→ **Extracted data**
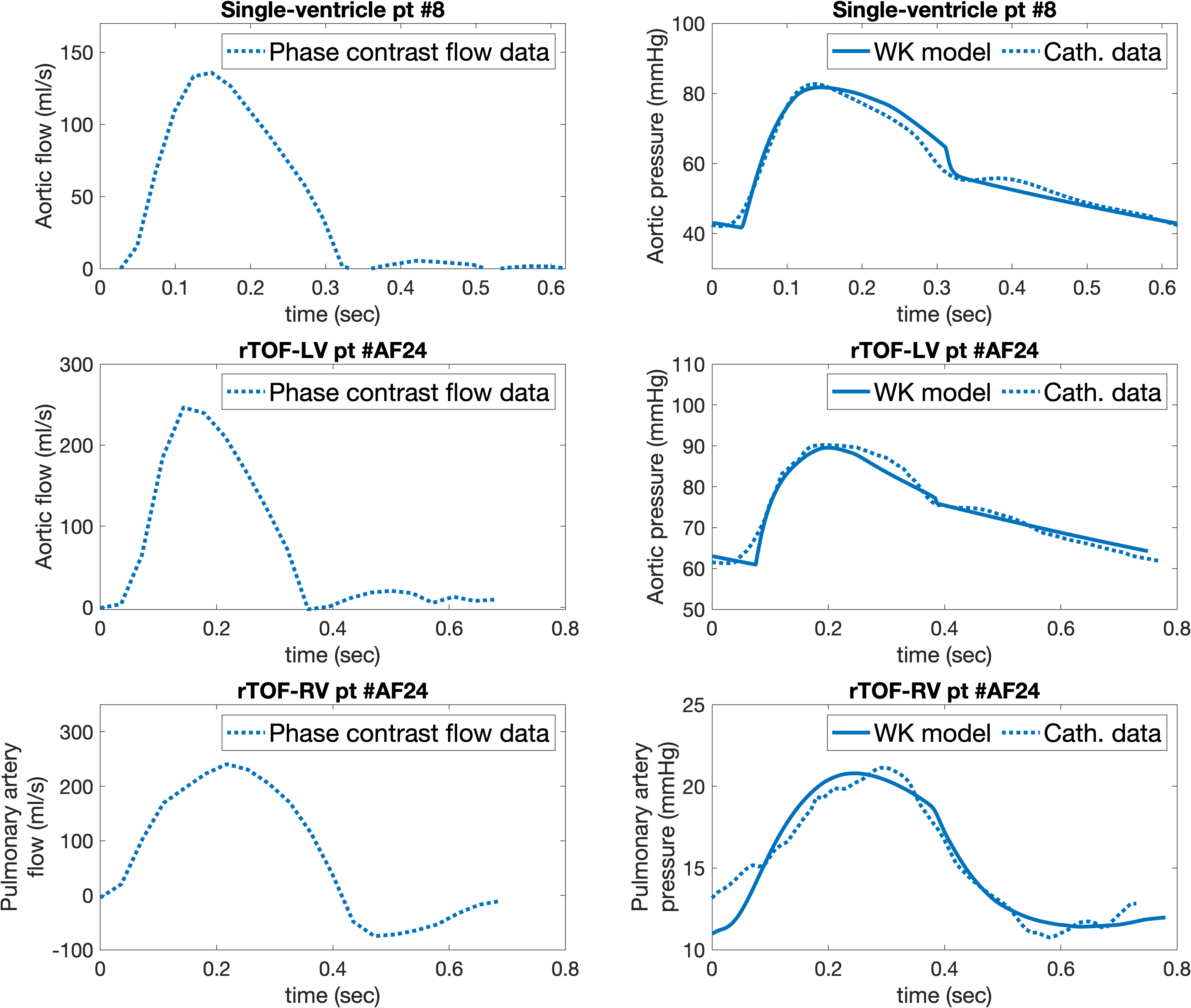 Figure 2. Example of calibrated Windkessel model for a single-ventricle patient, repaired tetralogy of Fallot left ventricle (rTOF-LV), and rTOF right ventricle (RV). Left column demonstrates the phase contrast arterial flow waveforms that were imposed to calibrate corresponding arterial pressure Windkessel (WK) models.
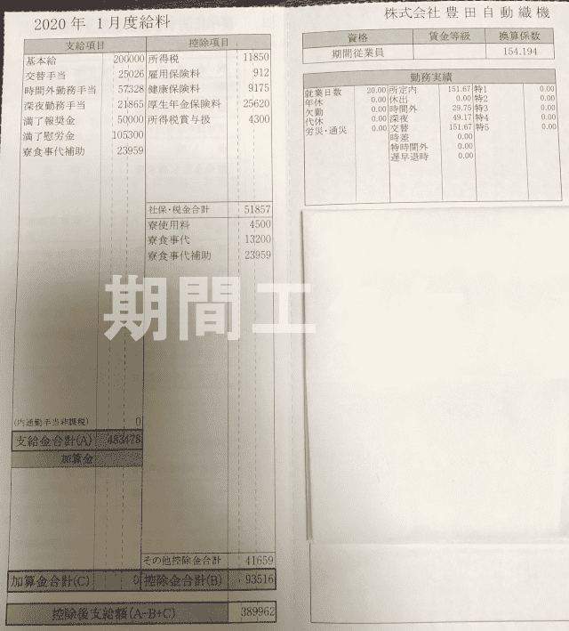 【1ヶ月目】豊田自動織機の期間工の初任給は合計494,709円(入社祝い金含)
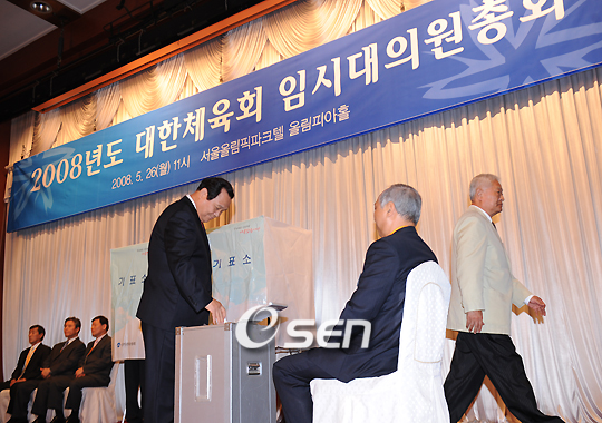 이연택 전 회장이 26일 서울 송파구 방이동 올림픽파크텔에서 열린'2008년도 대한체육회 임시 대의원총회'에서 새 정부 들어 사퇴한 김정길 전 회장의 잔여 임기를 채우기 위한 신임 회장 선거 결과 결선 투표까지 간 끝에 총 53표 중 33표를 획득해 대한체육회 회장에 당선됐다. 대의원들이 투표함에 투표 용지를 넣고 있다. /황세준 기자 storkjoon@osen.co.kr
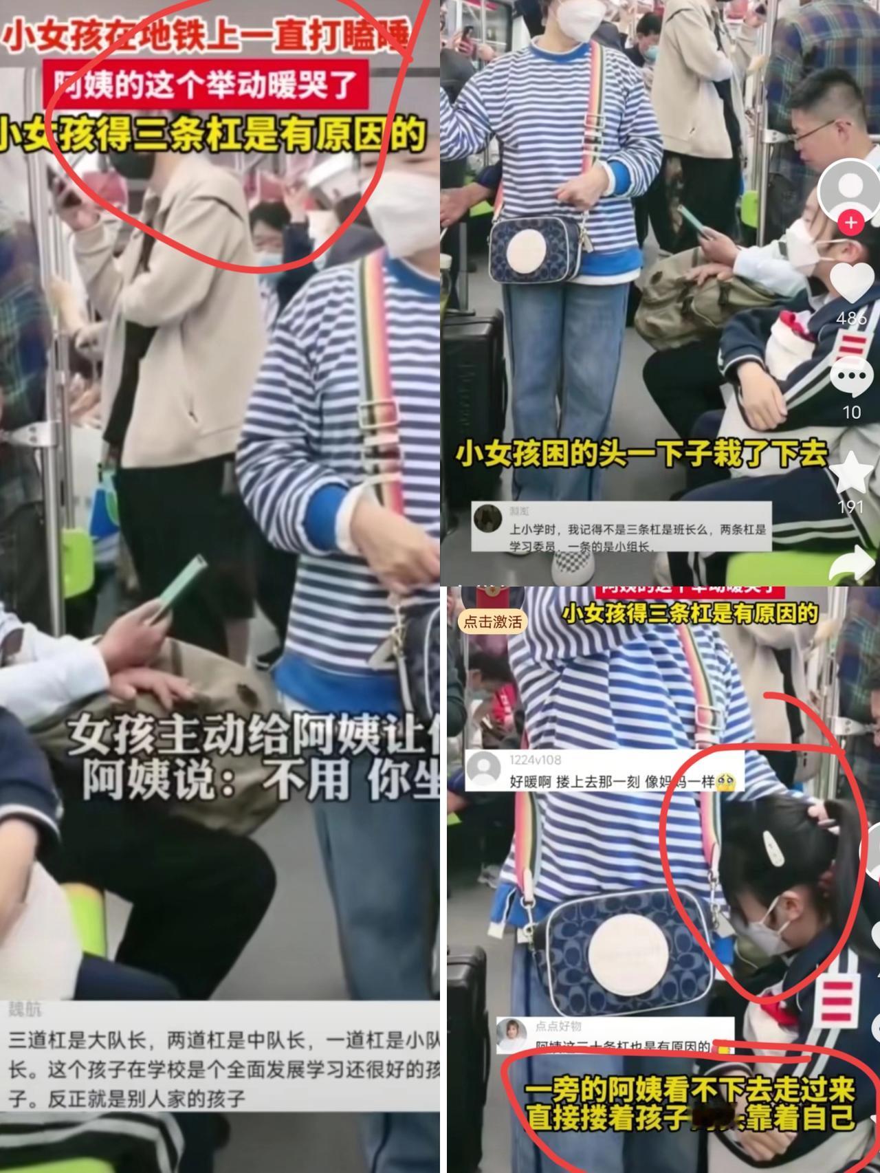 太暖心了! 上海地铁里,一位手臂上带着三条杠,还戴着口罩的女学生,手里抱着书包,坐在座位上,身体不停地在向前倾,仔细一看,眼睛眯着,在打瞌睡了。 看着这一幕真是心疼,现在的孩子学习压力大,晚上做作业好晚,早上又要早起,睡眠时间不充足,在地铁里,这摇摇晃晃地,睡意很快就来了,看着女孩这样晃,一不小心就会瞌到地上了,那多危险。 旁边一位阿姨见到这一情况,毫不犹豫走过来,一手扶着女孩的头,靠在自己怀里,一手拉着车上吊着的扶手环,让女孩稳稳地靠着自己。 生活中,这是素不相识的两个人,却给了孩子母女般的爱,这是刻在骨子里的善良,这小小的举动,是地铁上最美的风景。在平凡的生活中,让我们人人献出一点爱,世界将会变成多么和谐美好。 大家有碰到过这么暖心的画面吗? 晒图笔记大赛 地铁上的一幕
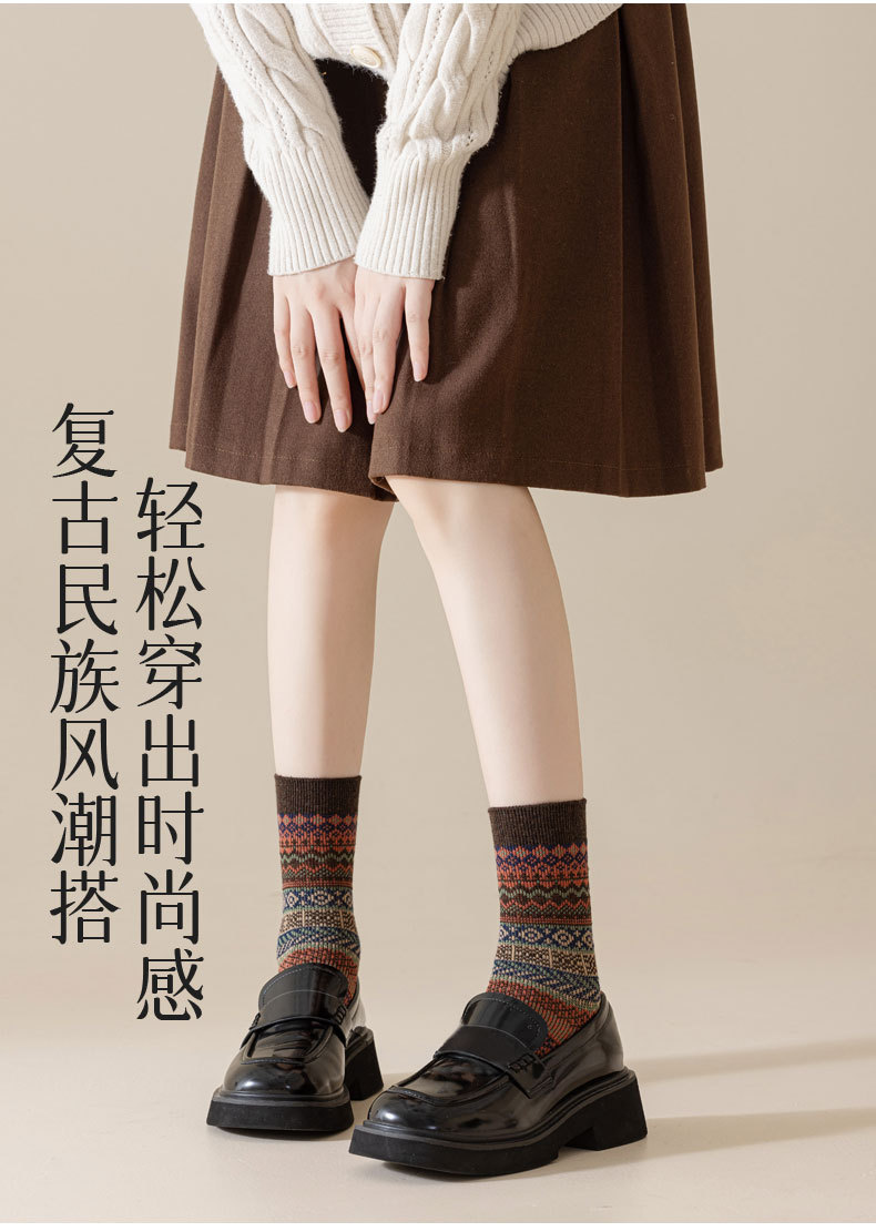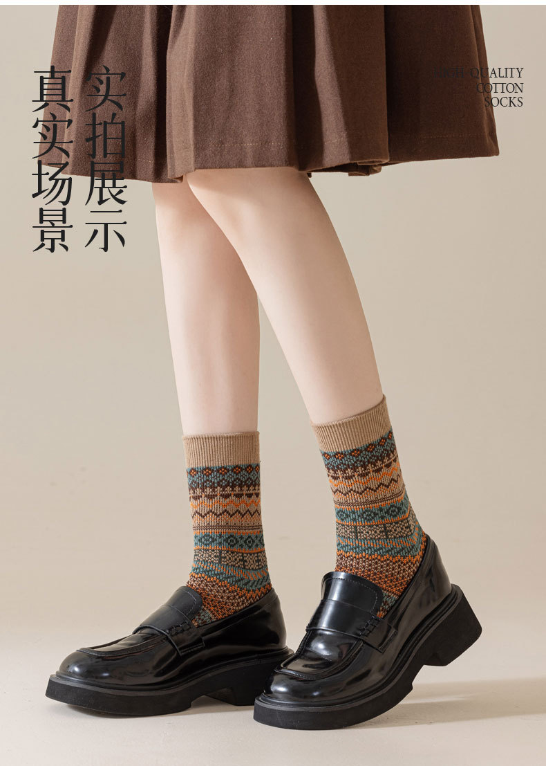 양말 여성용 미드 양말 가을과 겨울 더블 바늘 민족 스타일 레트로 트렌디 양말 안티 필링 신강 코튼 작은 가죽 신발스토어 가기
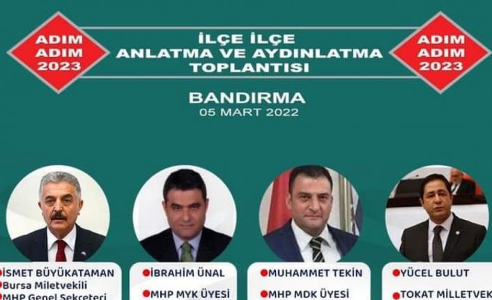 MHP " Adım Adım 2023, İlçe İlçe Anlatma ve Aydınlatma Toplantısı yarın Bandırma’ da yapılacak.
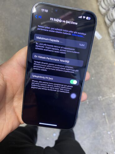 - Batareya: “Pil Sağlığı və Şarj Etmə” bölməsində Maksimum Kapasite 84% görünür; İləşdirmiş Pil Şarjı aktivdir
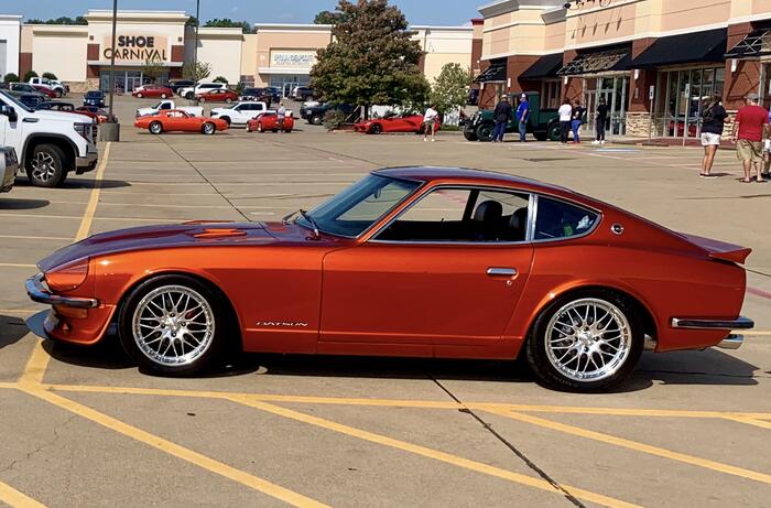 Here is my 240Z, House of Kolors Kandy Tangerine over silver base coat, filled in the marker lights, L28 w/Pertronix ignition, Twin SU Carbs, Custom Aluminum air cleaner w/K&N filter, coated Header, Powder Coated Engine parts in Near Chrome finish. 5Speed Gear Box.
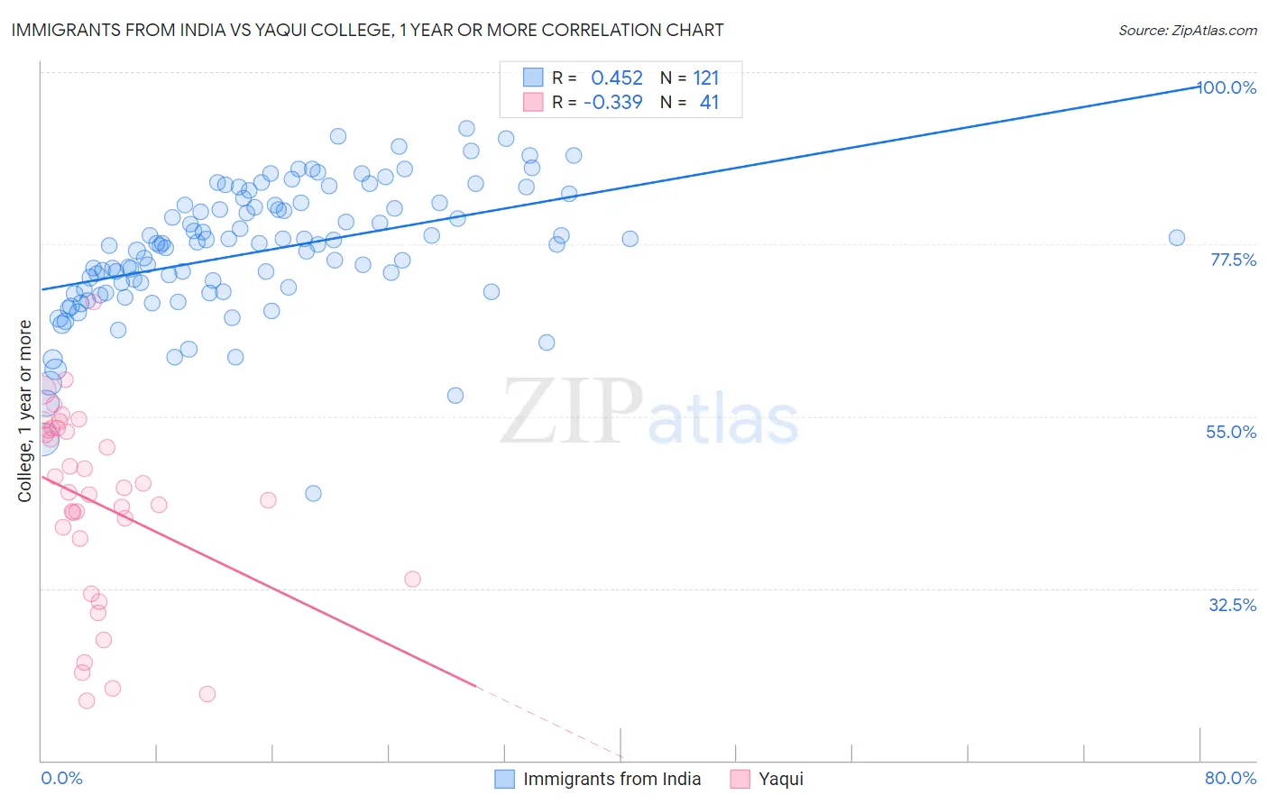 Immigrants from India vs Yaqui College, 1 year or more Correlation Chart
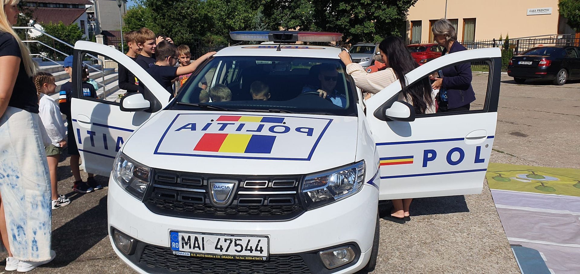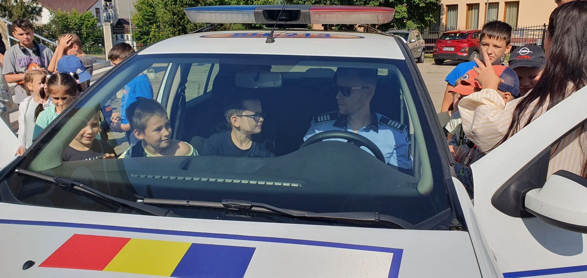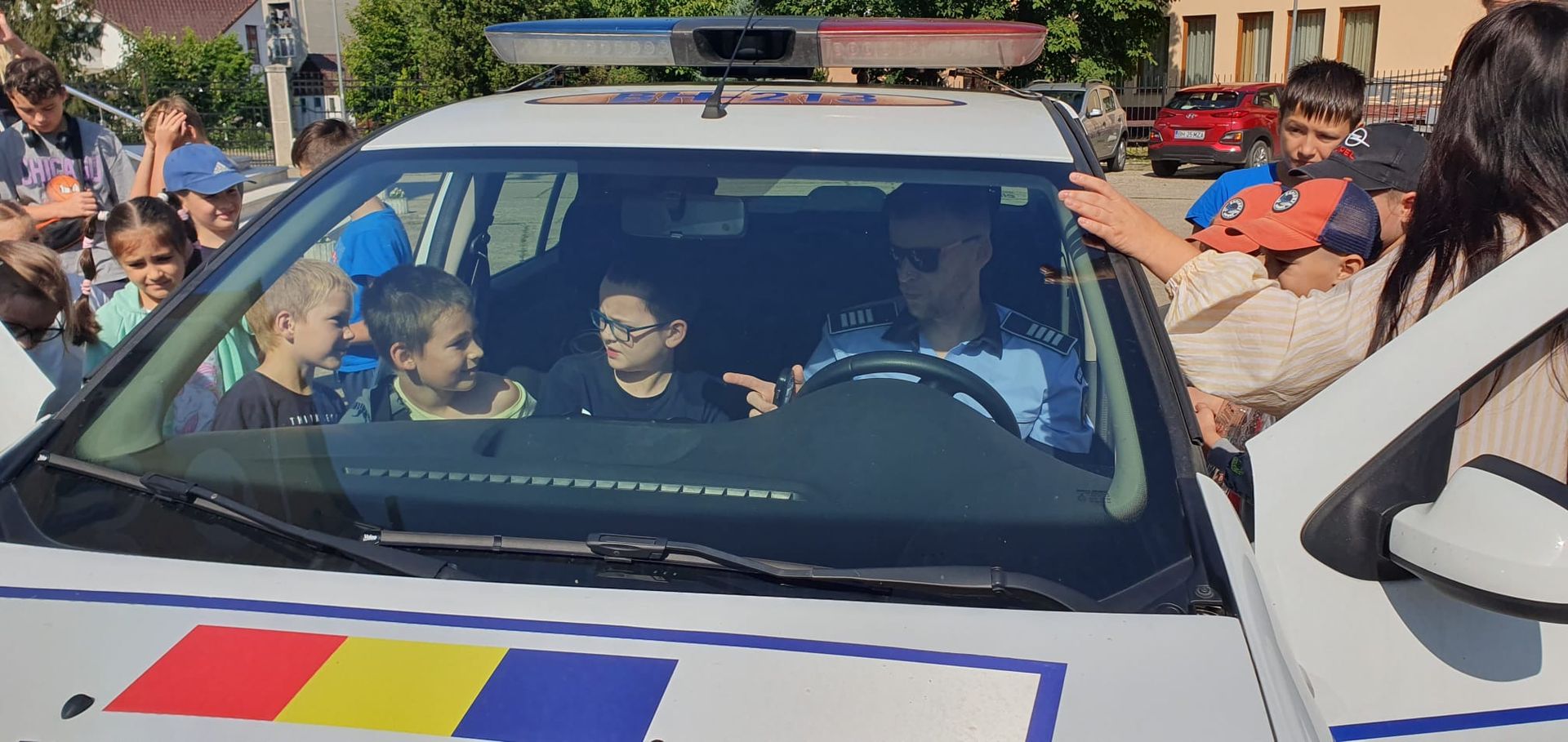 În plus, mulțumită explicațiilor oferite de reprezentanții poliției, elevii au reactualizat măsurile de precauție și prevenție și obiectele necesare pentru a asigura siguranța corporală în trafic. Spre bucuria copiilor din clasele primare, aceștia au fost invitați să descopere mașina de poliție și să testeze toate elementele ei specifice: girofar, stație, sirenă.

→ **Work task**
Look above for the line containing "양말 여성용 미드 양말" and the line containing "Pil Şarjı aktivdir", then reproduce both and everything between them exactly, pictures omitted.

→ **Output of the task**
 양말 여성용 미드 양말 가을과 겨울 더블 바늘 민족 스타일 레트로 트렌디 양말 안티 필링 신강 코튼 작은 가죽 신발스토어 가기
 MHP " Adım Adım 2023, İlçe İlçe Anlatma ve Aydınlatma Toplantısı yarın Bandırma’ da yapılacak.
 - Batareya: “Pil Sağlığı və Şarj Etmə” bölməsində Maksimum Kapasite 84% görünür; İləşdirmiş Pil Şarjı aktivdir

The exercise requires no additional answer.